We stopped at a port city on our way back to Dhaka. It was a place to stretch our legs where Rommel had friends he wanted me to meet. Near the shore, where rusting cargo ships returned from Australia, India, and Africa, I stopped to look in the window of a souvenir stand. The owner was a small man with a white skullcap and a thick gray beard. The Koran says that a thousand angels hang from each hair of a man’s beard. The pious never shave, and following Indian fashion most men keep at least a moustache. Bangladesh is like a sea of moustaches.

He looked at me curiously and asked in halting English, “Where are you from?” America, I told him. “What religion are you?” he asked. Christian, I lied. He stammered and tripped over his thoughts. I was expecting some political tongue lashing over Afghanistan or Israel. I was already starting to take a few steps back. “Ee-sis was the greatest man!” Sorry? “Ee-sis! Our religion has the most respect for him! He was a great man.” Ee-sis?…Jesus? Oh!– In the few English words that he knew, this man was trying to show his respect for my culture. He wanted me to know that his people weren’t narrow-minded and intolerant, that his religion wasn’t the gospel of terrorists, that I was always welcome in his country. He was trying to reach me however he could, and I didn’t know how I could thank him. I was really stunned. This man had nothing to share except his goodwill, and he offered it to a stranger when I hadn’t given him anything. I didn’t know what to say, except Thank you, for his hospitality and for everything I could learn in his country.

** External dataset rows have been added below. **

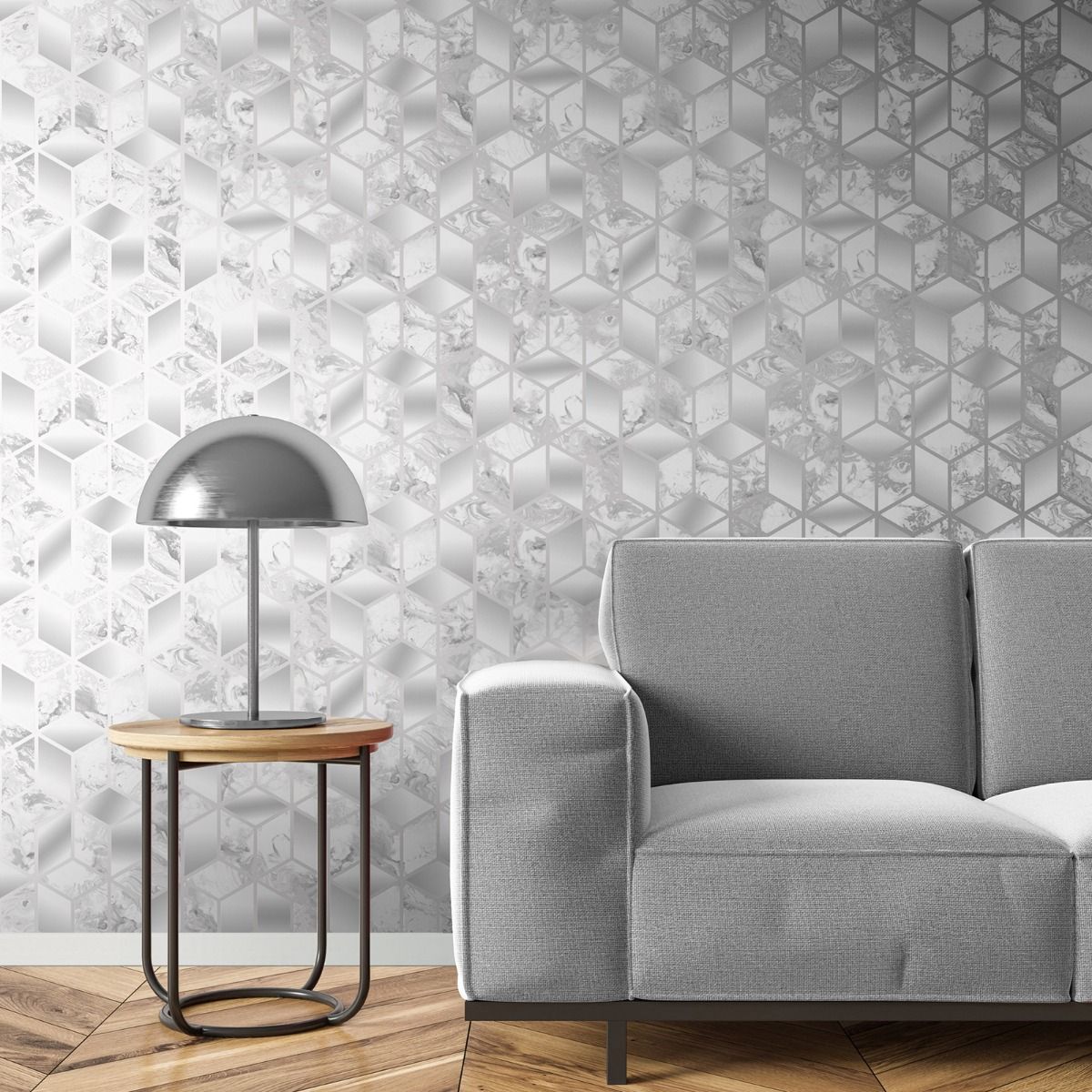Calculate QuantityThis gorgeous marble swirl effect wallpaper combined together with a geometric cuboid contort, is guaranteed to bring about new vibes in your living space. Contrasted together with metallic embellishments, this will look great as the light bounces off the surface. Be sure not to miss out on this new one. Order your sample now!
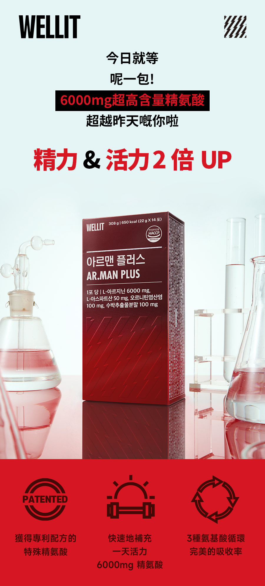 ✅6,000mg精氨酸獨有專利配方 提供一整天活力
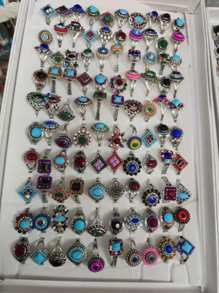 Anillos Anillos artesanales Preciosos anillos de estilo étnico, con piedras de colores. Son 50 anillos en total, ideales para regalar o para uso personal. Cada anillo tiene un diseño único y llamativo. Se aprecian detalles dorados y plateados en los metales. Son de diferentes tallas. De hecho son importados de Turquía. 1,5 € cada anillo.

There are more stories and people than I have time to describe, and some things so horrible or bewildering that I can’t do them justice. Bangladeshis expected nothing from me, shared anything they had, and fought me if I wanted to do as little for them as buying a cup of tea.

Months later I keep asking myself: what does this account for? Why did I have this experience and what can I do with it? Why did I see these things, so I can brag to other travellers or make myself sound exotic? Man, I hope not. I would love to rededicate my life to rebuilding nations and working with the poor, but I’m human and I’d love a 10 cd Pioneer stereo with surround sound and lots of blinking lights for every room in my 9 million square-meter apartment, too. Somewhere between the two I’ll wind up settling– a starter home with cats who piss on the Ikea furniture, a car I like in a color I hate, and the career that emerged from the shambles of my inability to decide a profession. But at least I floated in the same, safe tax-bracket and lived in a decent house. I didn’t use my education and the gifts and resources of health and prosperity to uplift the world, but at least I didn’t live each day in a fight to eat and never thought of survival as a miracle. But I don’t know which of these two is the bigger disaster.